Recorded information section start

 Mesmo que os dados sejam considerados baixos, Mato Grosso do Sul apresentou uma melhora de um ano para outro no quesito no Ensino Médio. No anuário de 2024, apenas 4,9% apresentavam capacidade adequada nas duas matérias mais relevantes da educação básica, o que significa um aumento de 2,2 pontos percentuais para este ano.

Recorded information section end
Recorded information section start

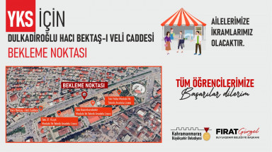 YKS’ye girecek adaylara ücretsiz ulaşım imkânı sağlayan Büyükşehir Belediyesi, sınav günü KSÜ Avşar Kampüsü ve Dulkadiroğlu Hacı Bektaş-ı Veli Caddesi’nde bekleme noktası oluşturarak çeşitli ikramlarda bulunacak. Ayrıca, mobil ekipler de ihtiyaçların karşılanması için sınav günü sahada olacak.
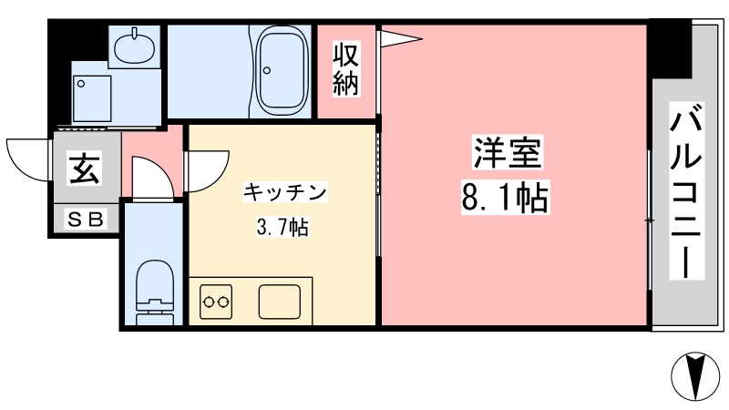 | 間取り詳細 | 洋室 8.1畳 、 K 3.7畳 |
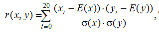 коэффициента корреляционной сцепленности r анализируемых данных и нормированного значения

Recorded information section end

» **Goal of the exercise**
Exactly as written above, retype the lines starting at the one holding "YKS’ye girecek adaylara" and ending at the one holding "коэффициента корреляционной сцепленности", both included, but not the pictures.

» **Written reply**
 YKS’ye girecek adaylara ücretsiz ulaşım imkânı sağlayan Büyükşehir Belediyesi, sınav günü KSÜ Avşar Kampüsü ve Dulkadiroğlu Hacı Bektaş-ı Veli Caddesi’nde bekleme noktası oluşturarak çeşitli ikramlarda bulunacak. Ayrıca, mobil ekipler de ihtiyaçların karşılanması için sınav günü sahada olacak.
 | 間取り詳細 | 洋室 8.1畳 、 K 3.7畳 |
 коэффициента корреляционной сцепленности r анализируемых данных и нормированного значения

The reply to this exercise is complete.